# It's a Jack-O'-Lantern!



## wareagle900 (Feb 24, 2009)

Ever wondered what would happen if you put LED light strips on the inside of your kayak? Me too! 

So I did. and here's the result!










I wont go unseen night fishing now!


----------



## SHunter (Jun 19, 2009)

I don't think that you will get run over unless someone or something wants to get a better look.


----------



## ted-hurst (Oct 4, 2007)

Great, next we'll have Ghost Hunter in Pensacola again looking for the glowing ghost kayak.
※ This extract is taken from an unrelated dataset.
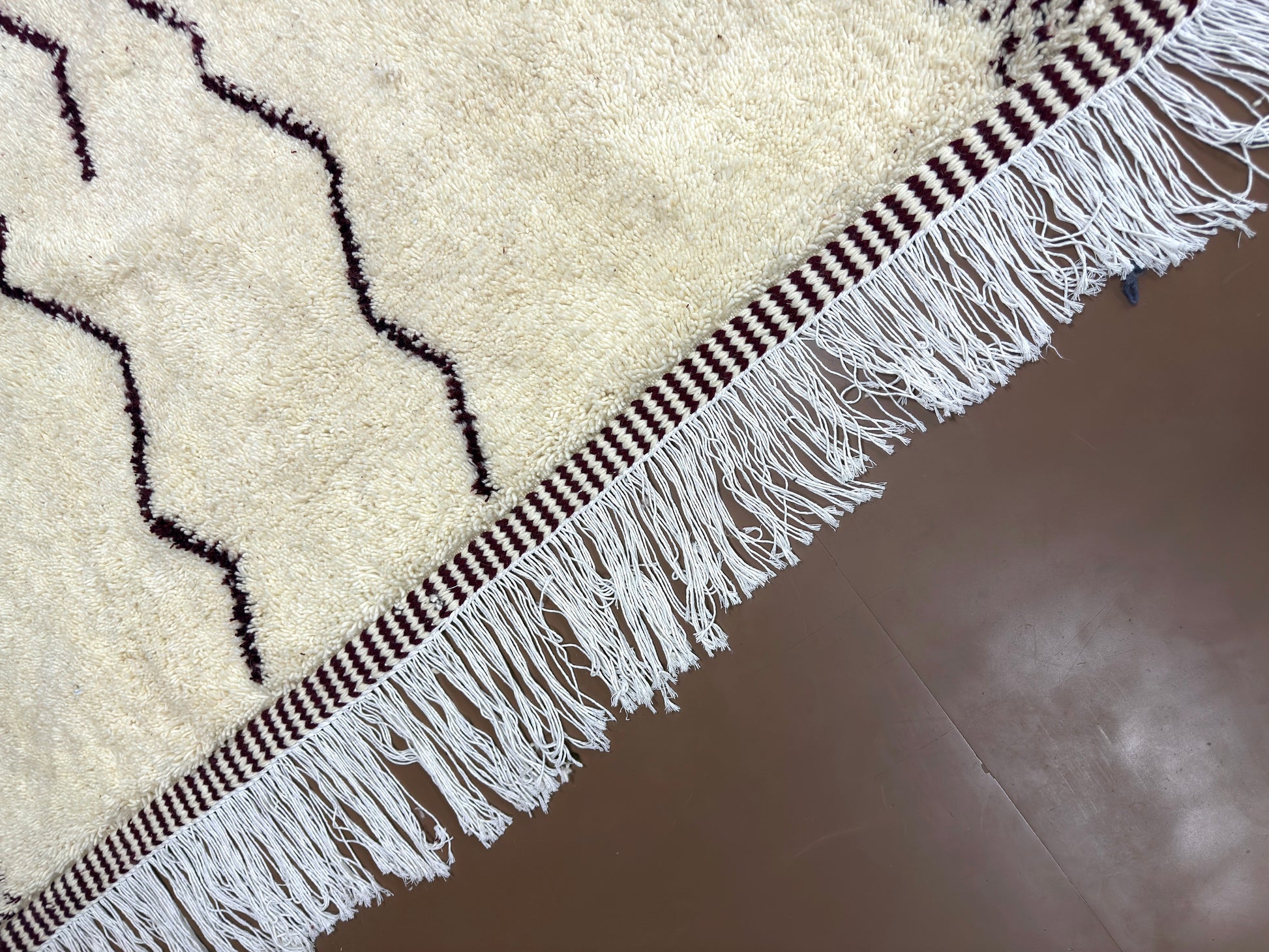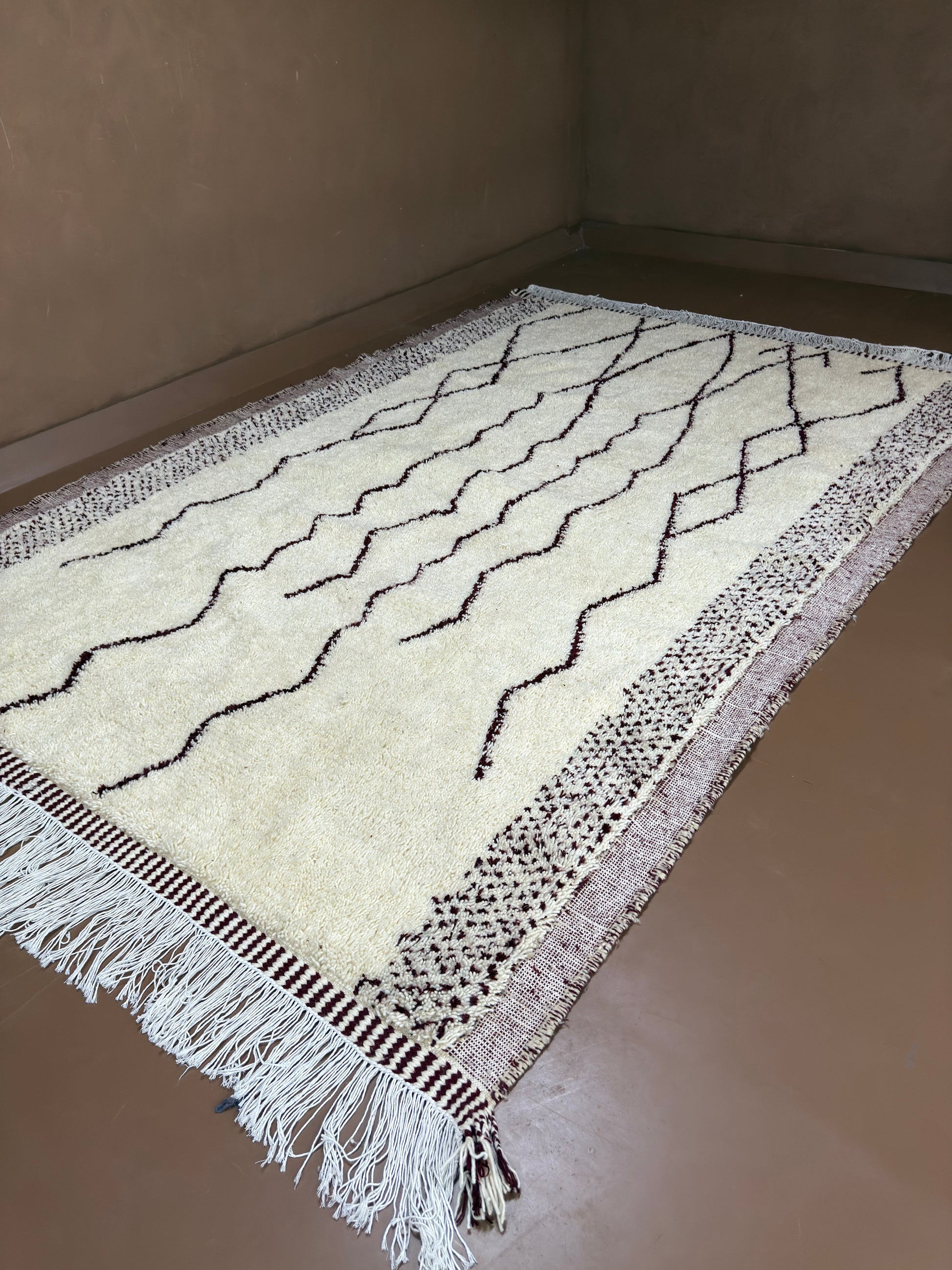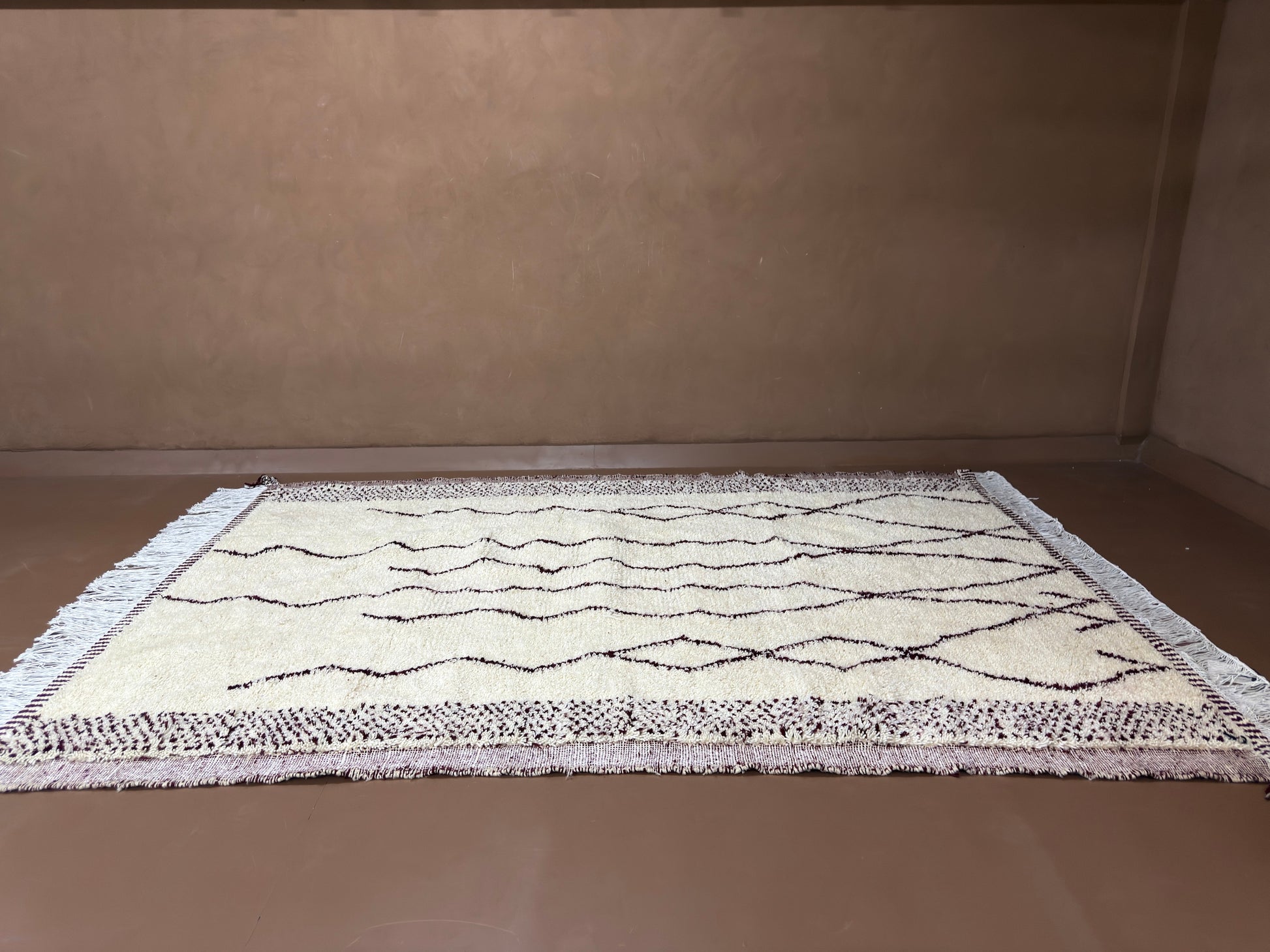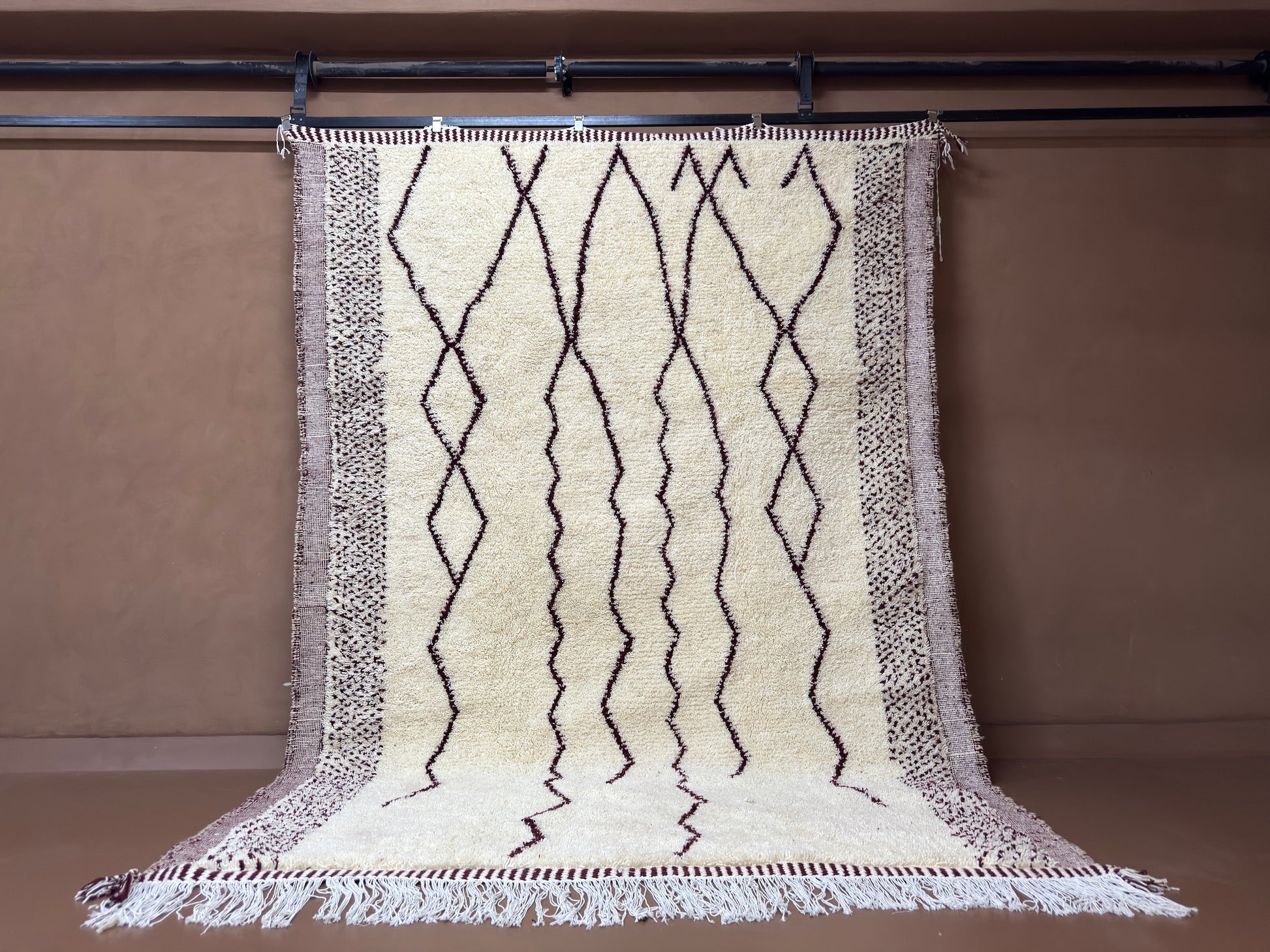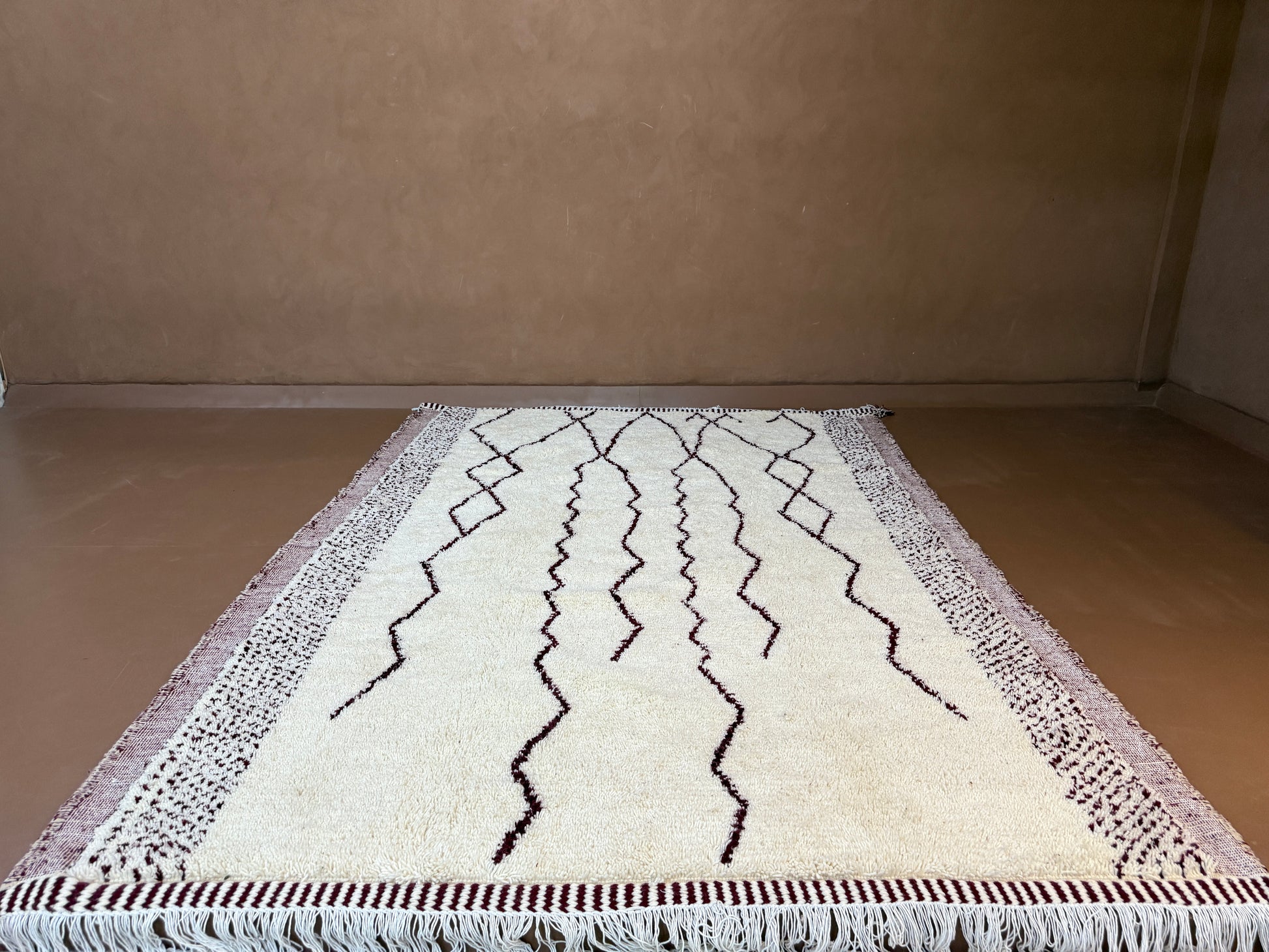 This custom Moroccan rug blends timeless Berber artistry with minimalist elegance. Featuring delicately woven abstract motifs and patterned side borders, it brings depth and personality to any interior. Handwoven with care by Moroccan artisans, the rug’s subtle geometry and soft texture add warmth and refined structure to your space. Ideal for those who appreciate handcrafted beauty in modern, bohemian, or Nordic-style homes.

You ought to get that glowing stick figure halloween costume and cruise around at night messing with people.

Ted


----------



## Garbo (Oct 2, 2007)

Dang.


----------



## wareagle900 (Feb 24, 2009)

haha that costume is too funny lol

And yeah, It is far brighter than i expected it to be! I figured there may be a "soft glow" but it's a full on giant glowstick now!


----------



## Todd (May 16, 2010)

Careful with that though. I have had big houndfish attracted by my light jump in the kayak say hi and thrash back out. Thankfully they never sliced me with them teefs.


----------



## ted-hurst (Oct 4, 2007)

Find someone anchored up at night and get a hundred yards away and paddle by. All they can see is a glowing kayak with a stick figure paddling. I can almost promise there will be some confused looks.

Ted


----------



## wareagle900 (Feb 24, 2009)

ted-hurst said:


> Find someone anchored up at night and get a hundred yards away and paddle by. All they can see is a glowing kayak with a stick figure paddling. I can almost promise there will be some confused looks.
> 
> Ted


HAHAHAHA thats priceless!


----------



## ApexYakin (Jul 8, 2009)

Hahahaha...let the marina police double take on that bad boy...hey wth is on fire over there...haha


----------



## PBTH (Oct 1, 2007)

I did the same thing a while ago, but only used it a few times. I had the problem of attracting too many fish from the dock lights to my kayak. Great for viewing, not so much for fishing...


----------



## Boatjob1 (Oct 2, 2007)

Careful using that around Gulf Breeze at night......... Somebody will call in another UFO sighting and get a book deal.............. 
Between Konz being back night fishing 3 mile for bull's, and now this.... I'm just not sure how much they can take............ :blink:

PS I kinda like the phrase, *"Yack-O'-Lantern"* Kinda got a ring to it...........


----------



## pole squeezer (Oct 29, 2008)

Be careful, some folks shoot at what they can't figure out. lol. After all it is a concealed, and carry state. Ought to be great for attracting baitfish, and predators though.


----------



## yakfisher (Mar 10, 2011)

im all with the stickman idea


----------



## Capt. Redbeard (May 19, 2010)

That is just awesome!! Paddle that up and down the beach at night, and you might get some UFO reports!!


----------